We conducted additional experiments to evaluate the model’s performance on small basketball targets by categorizing the detection results based on object size (small, medium, and large). Small basketballs were defined as those with a bounding box area less than 32² pixels, medium basketballs between 32² and 96² pixels, and large basketballs larger than 96² pixels. The performance metrics, including precision, recall, and mAP, were calculated separately for each category. These results are presented in Table 2, which illustrates the performance improvements of BGS-YOLO over YOLOv8n for small basketball targets.

The results demonstrate that BGS-YOLO achieves a 6.1% improvement in mAP for small basketball targets compared to YOLOv8n. This significant enhancement underscores the effectiveness of the BiFPN module in addressing the challenges of small object detection. The dynamic weight allocation and bidirectional cross-scale connections in BiFPN ensure that the model can effectively integrate multi-scale features, even in complex scenes where small objects are easily overlooked or confused with background noise

Statistical analysis

To further validate the statistical significance of the performance improvements, we conducted additional analyses, including confidence intervals and p-values for the key performance metrics. The results are summarized in Table 3 and Fig 9.

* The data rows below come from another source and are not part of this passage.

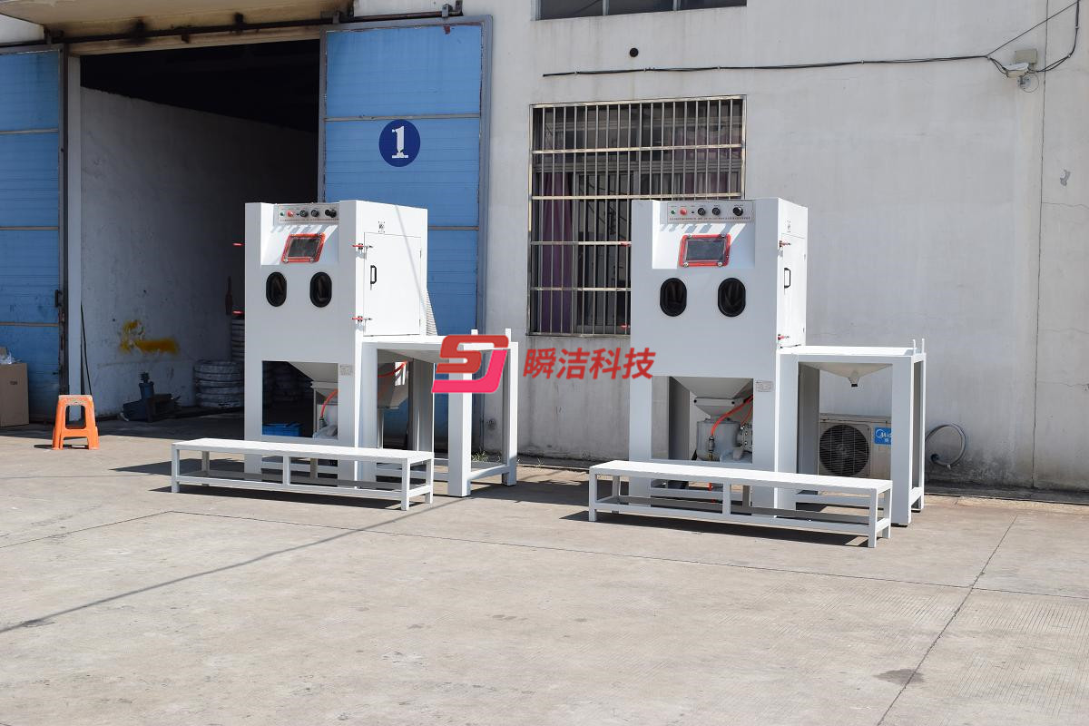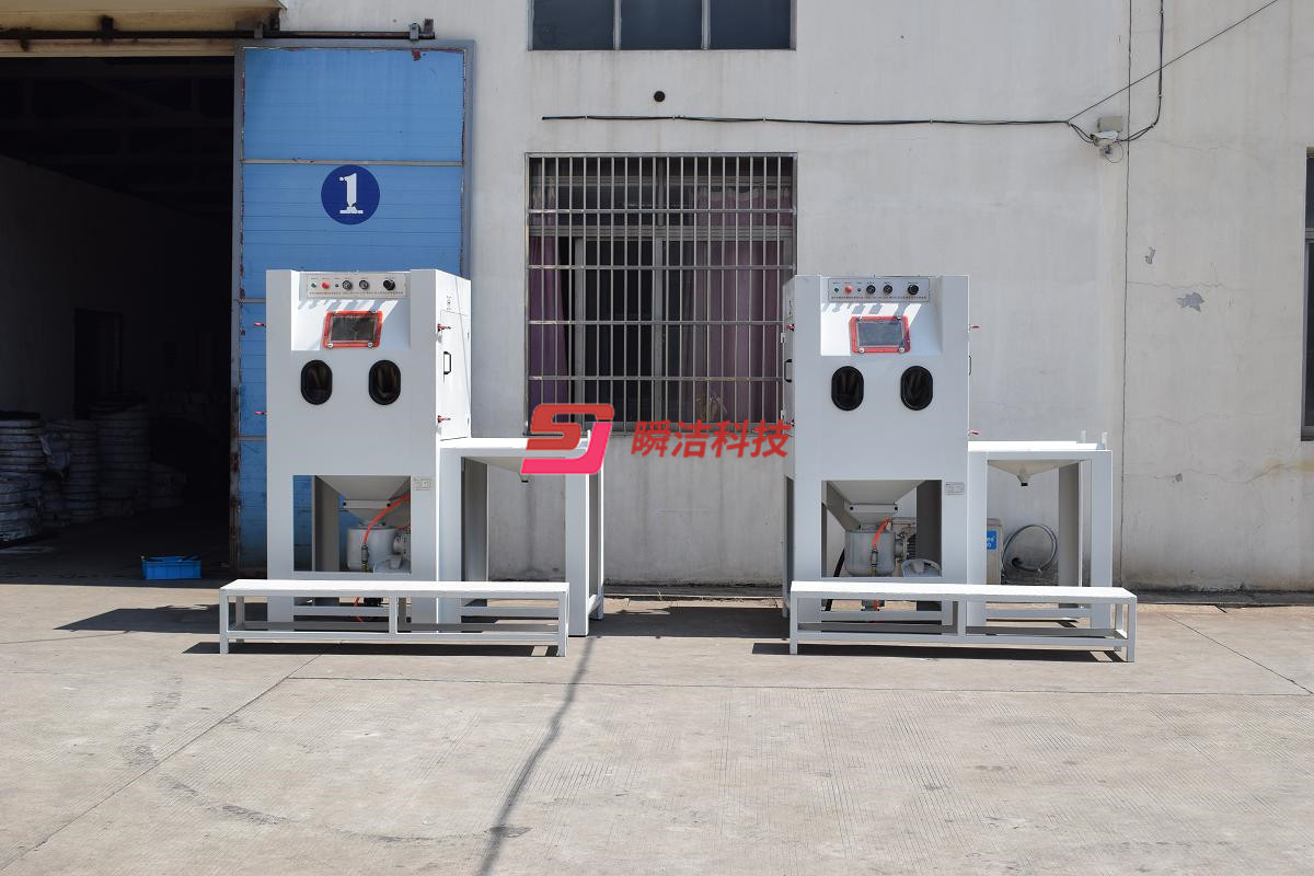 、配備活動臺車,和轉盤,操作時將工件放在轉盤上,然后推入機內即可噴砂作業,操作簡單省力。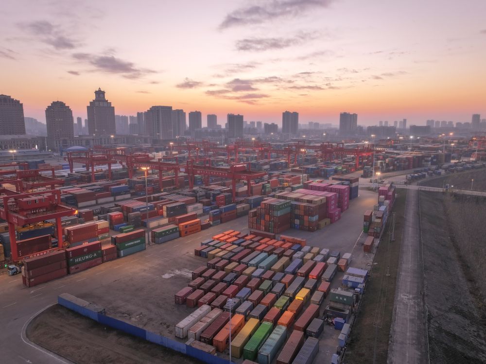 ↑1月14日拍摄的山东港口青岛港外贸集装箱码头(无人机照片)。新华社发(俞方平 摄)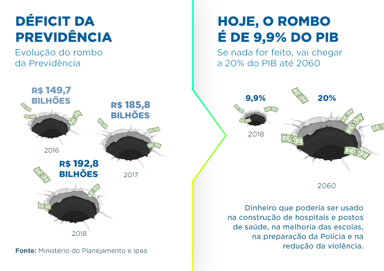 Quando se ouve falar em rombo da Previdência, a primeira pergunta que vem à cabeça é: o déficit realmente existe? A resposta é simples: não só existe como é extremamente grave. Em 2016, o déficit do Regime Geral da Previdência Social (RGPS), que atende os trabalhadores da iniciativa privada, alcançou o recorde de R$ 149,73 bilhões. Em 2017, a previsão era de que o déficit chegasse a R$ 185,8 bilhões. Para 2018, a previsão é de que esse rombo chegue a R$ 192,8 bilhões.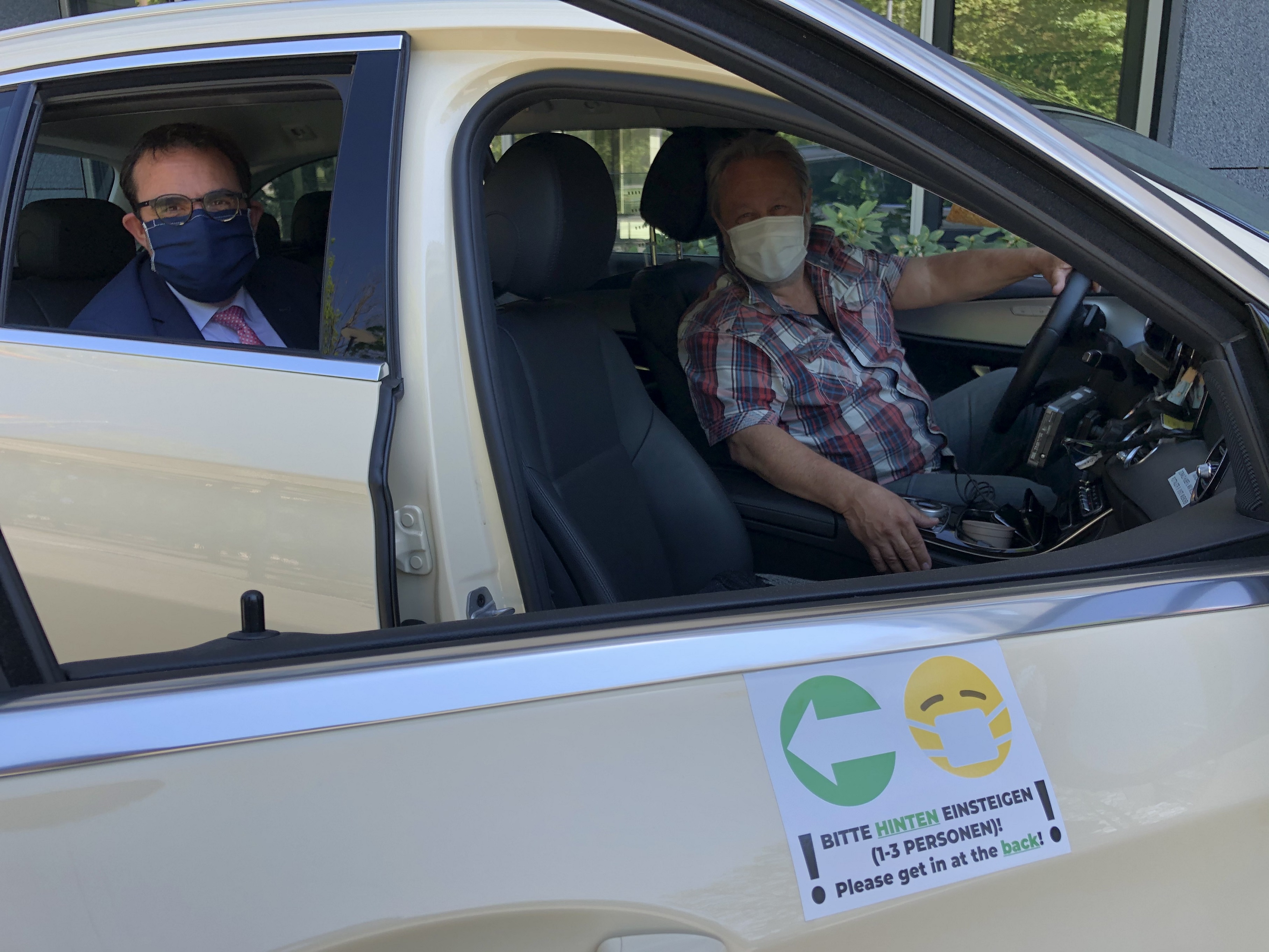 Foto im Taxi: Verkehrsstaatssekretär Klaus Holetschek bittet die Fahrgäste: „Halten Sie Abstand und steigen Sie immer hinten ins Auto ein.“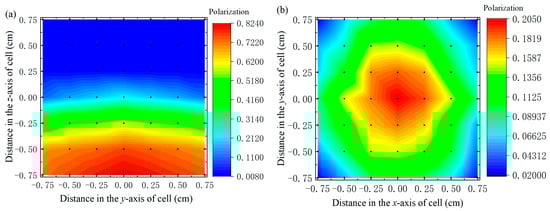 - Two-dimensional spatial distribution measurements of the polarization of the xy and yz planes with a measurement range of 0.75 cm2 × 0.75 cm2. The nonuniformity of the xy plane was 1.04, and that of the yz plane was 1.82.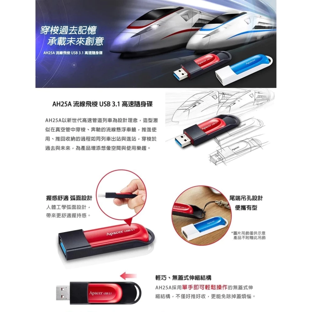 Apacer 宇瞻 AH25A 16GB 流線飛梭碟 USB 3.1 隨身碟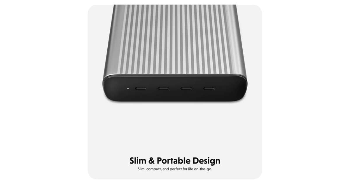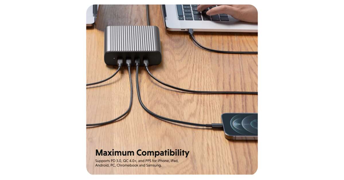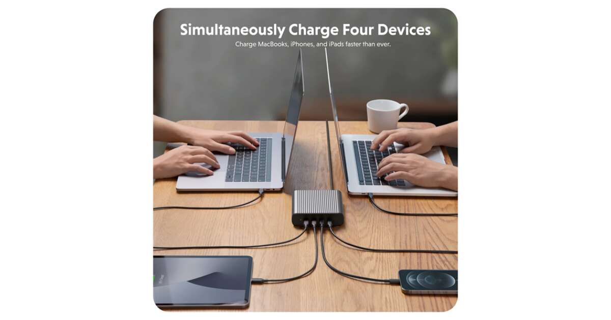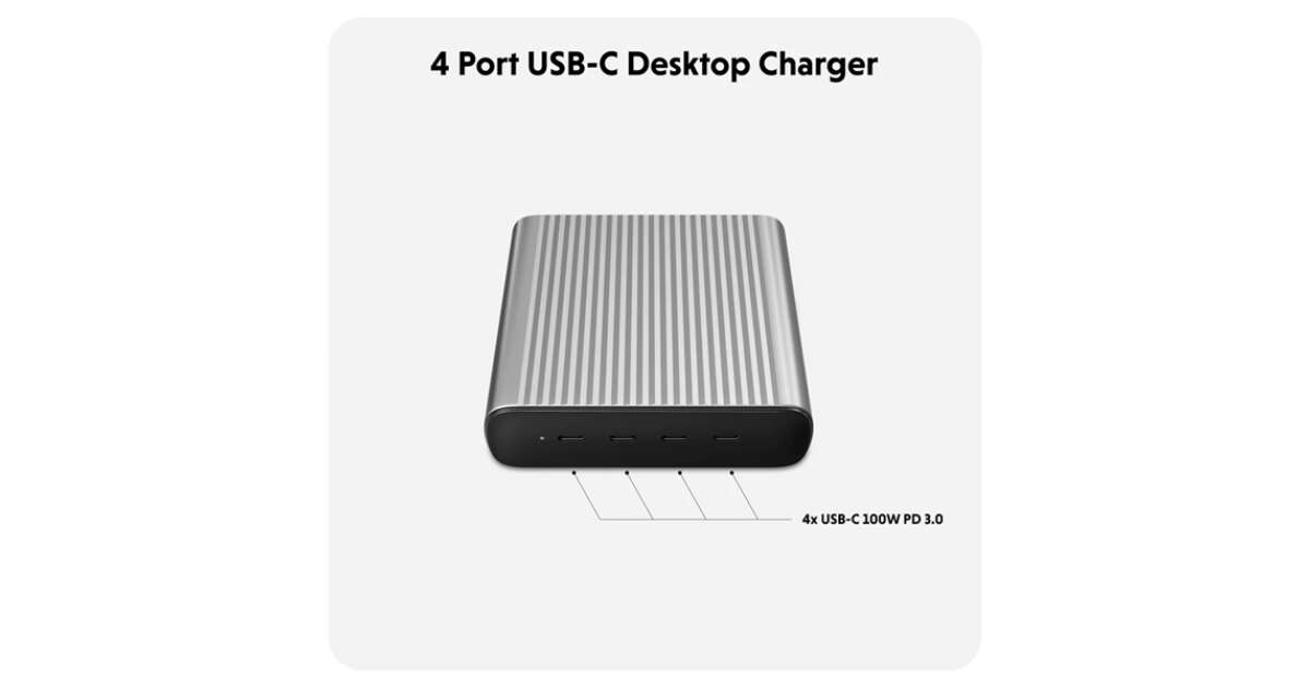 - Vier 100W USB-C Power Delivery Anschlüsse: Lade bis zu vier Laptops, Tablets oder Smartphones gleichzeitig auf.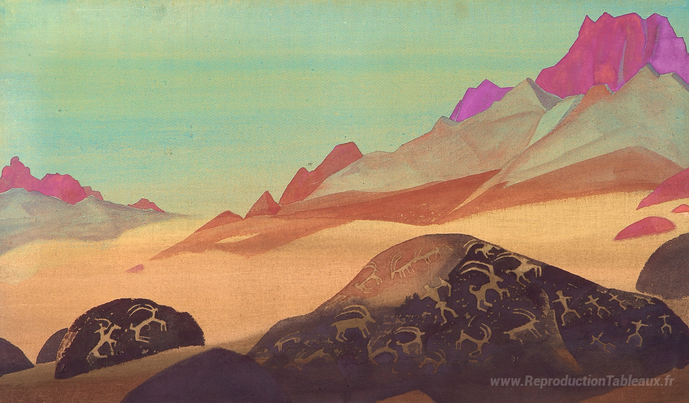 Nous vous proposons une reproduction artisanale sur toile du célèbre tableau 'Roches du Ladakh' de Nicholas Roerich, provenant du Musée de la Reproduction.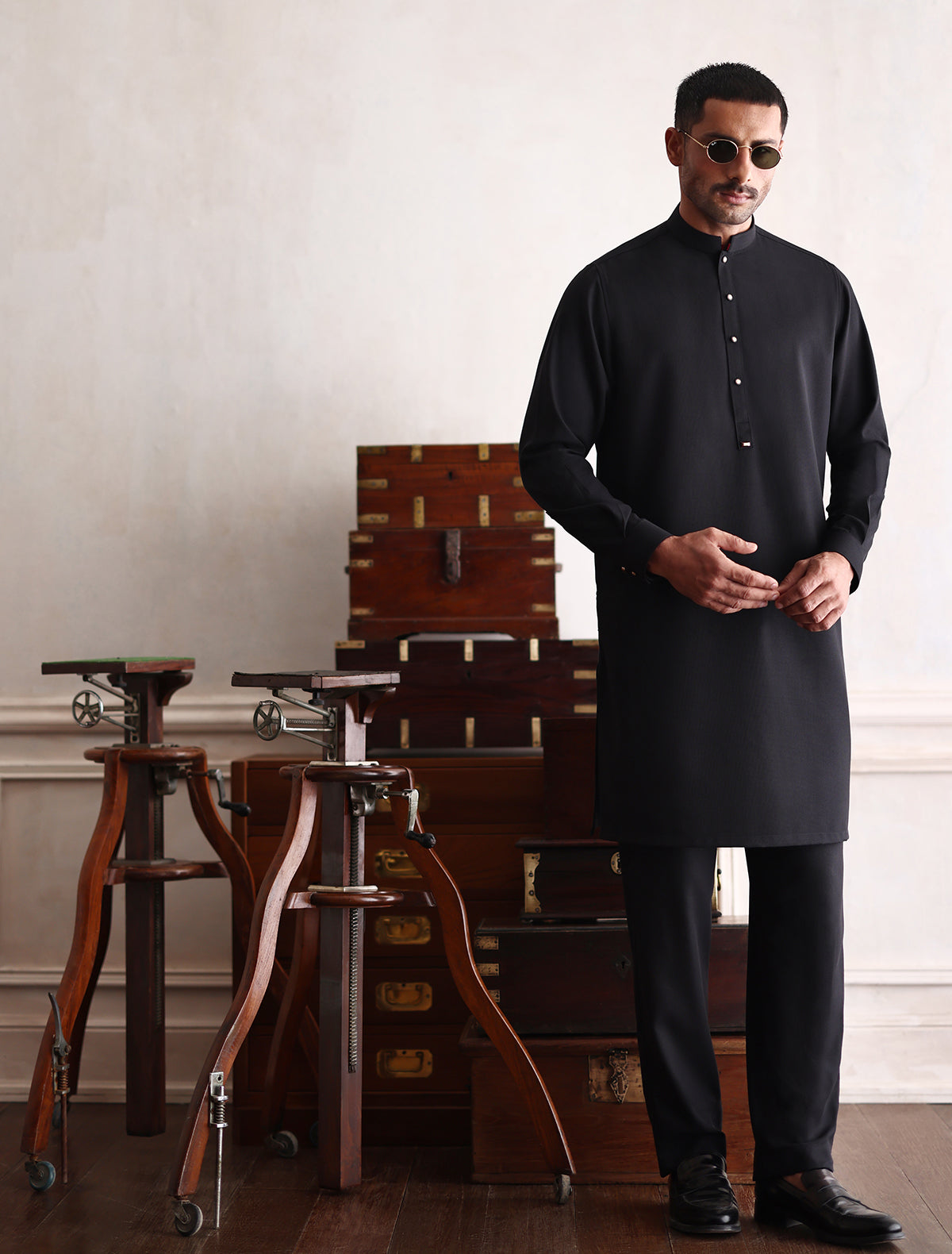 A high end black textured kurta pajama featuring classic gold details. A must-have in every man’s wardrobe.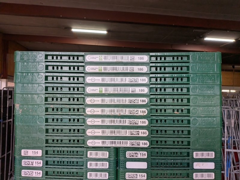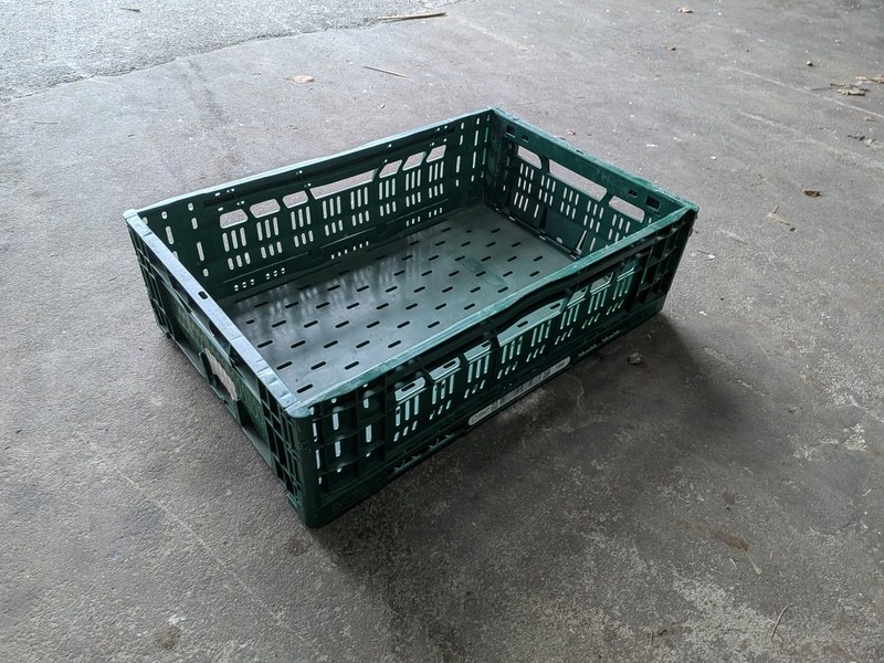 Product: Kunststof Euronorm vouwkrat Afmeting: (lxb) ca. 600 x 400 mm, hoogtes variëren Conditie: gebruikt Specificaties: De Euronorm is gebaseerd op een basismaat van 600 x 400 mm (L x B). Gebruikelijke bodemmaten zijn o.a. 200 x 150 mm, 300 x 200 mm, 400 x 300 mm, 600 x 400 mm en 800 x 600 mm.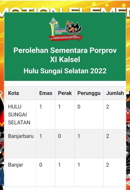 Sedangkan posisi ketiga diduduki kontingan Kabupaten Banjar dengan raihan satu medali perak dan satu medali perunggu.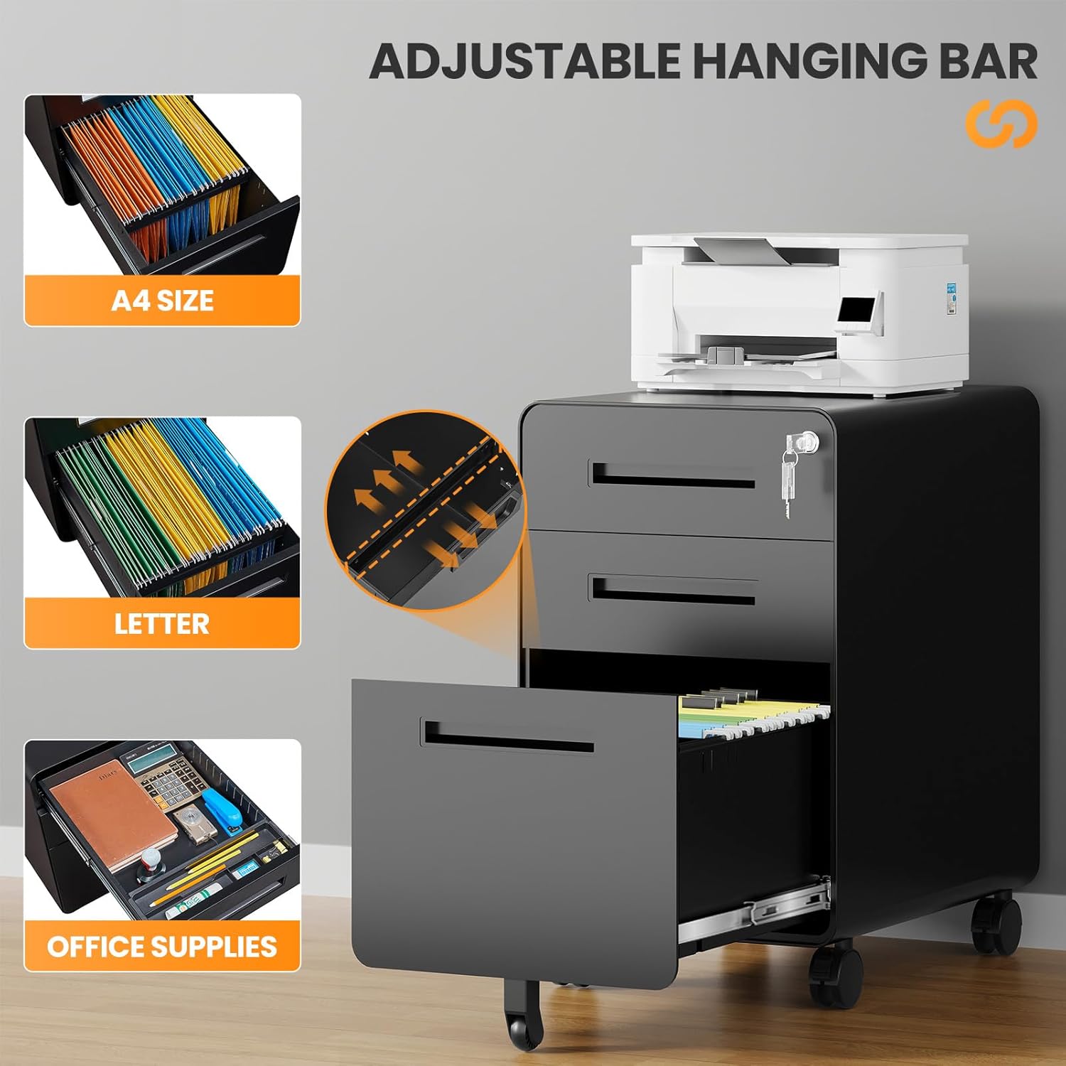 - â–¶3 DRAWER FILE CABINET: The upper 2 drawers can accommodate stationery and small items. The bottom drawer file drawer is equipped with 2 removable hanging bars, the filing cabinet can accommodate letter size, legal size, and A4 hanging file folders through free combination, it can also store various files and books. With Full Extension Drawer slides, the drawer opens completely, allowing you to easily access the contents in the back of the drawers.

The statistical analysis confirms that the improvements in precision, recall, F1 score, and mAP achieved by BGS-YOLO are statistically significant (p < 0.001). The 95% confidence intervals for the mAP of BGS-YOLO (96.4% to 97.4%) do not overlap with those of YOLOv8n (92.5% to 93.7%), further supporting the conclusion that BGS-YOLO offers a substantial and reliable improvement in basketball detection performance.

Ablation Experiments

To validate the effectiveness of the enhancements introduced in the BGS-YOLO model, a series of ablation experiments were conducted. The results of these experiments are summarized in Table 4 and Figs 10 and 11. Each experiment progressively evaluated the impact of individual modules added to the baseline YOLOv8n model.

The baseline YOLOv8n model achieved a precision of 93.1%, recall of 83.4%, an F1 score of 88.0%, and a mean average precision (mAP) of 90.5%. When the BiFPN module was added, precision improved to 94.3%, recall increased to 85.6%, the F1 score rose to 89.7%, and the mAP reached 91.4%. This demonstrates that the BiFPN module significantly enhanced the model’s ability to capture features across multiple scales.

Adding the Global Attention Mechanism (GAM) further improved the results, with precision increasing to 95.4%, recall rising to 88.1%, the F1 score improving to 91.6%, and the mAP reaching 92.3%. The GAM module, which incorporates both channel and spatial attention mechanisms, allowed the model to better manage complex scenes by more effectively capturing global information, leading to further gains in precision and recall.

The final enhancement involved integrating the SimAM-C2f module and completing the BGS-YOLO model. This led to the most significant performance improvements, with precision increasing to 96.9%, recall improving to 89.7%, the F1 score reaching 93.2%, and mAP reaching 93.2%. The combined effect of all the modules demonstrated the model’s ability to accurately detect basketballs in challenging scenarios.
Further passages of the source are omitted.